## [Exercise brief]
Where "with" occurs in a line of the entries below, copy that line.

## [Entries supplied]
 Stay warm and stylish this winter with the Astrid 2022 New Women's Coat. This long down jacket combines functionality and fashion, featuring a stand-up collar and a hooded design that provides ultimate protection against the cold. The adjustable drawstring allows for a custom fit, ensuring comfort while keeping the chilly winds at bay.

...

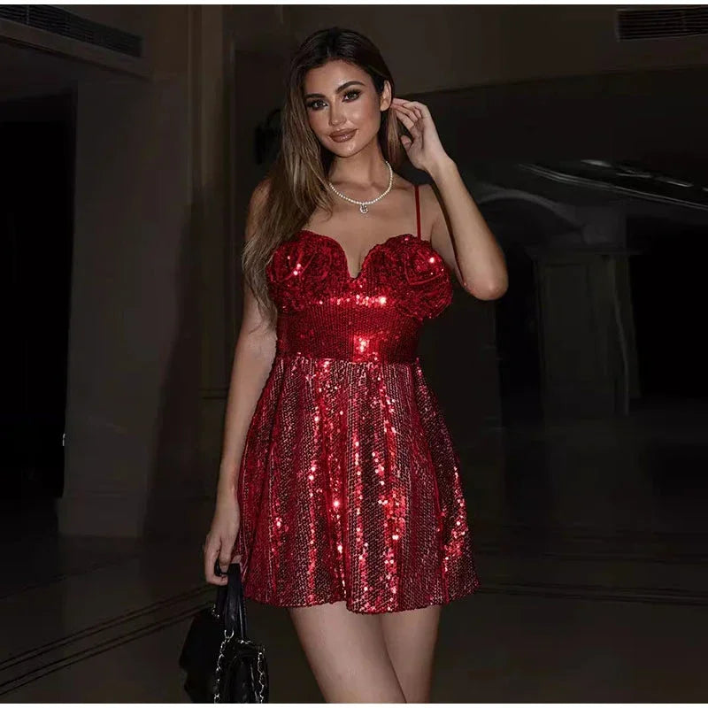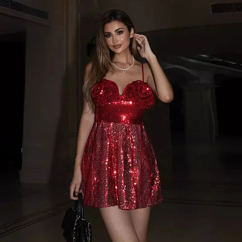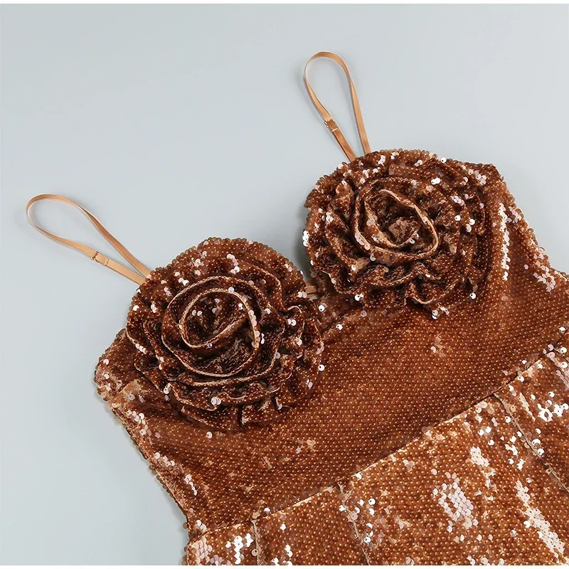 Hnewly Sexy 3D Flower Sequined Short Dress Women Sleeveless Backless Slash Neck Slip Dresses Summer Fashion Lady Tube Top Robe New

--

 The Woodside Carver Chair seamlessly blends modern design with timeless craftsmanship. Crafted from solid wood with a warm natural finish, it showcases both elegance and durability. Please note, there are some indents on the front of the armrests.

## [Result below]
 Stay warm and stylish this winter with the Astrid 2022 New Women's Coat. This long down jacket combines functionality and fashion, featuring a stand-up collar and a hooded design that provides ultimate protection against the cold. The adjustable drawstring allows for a custom fit, ensuring comfort while keeping the chilly winds at bay.
 The Woodside Carver Chair seamlessly blends modern design with timeless craftsmanship. Crafted from solid wood with a warm natural finish, it showcases both elegance and durability. Please note, there are some indents on the front of the armrests.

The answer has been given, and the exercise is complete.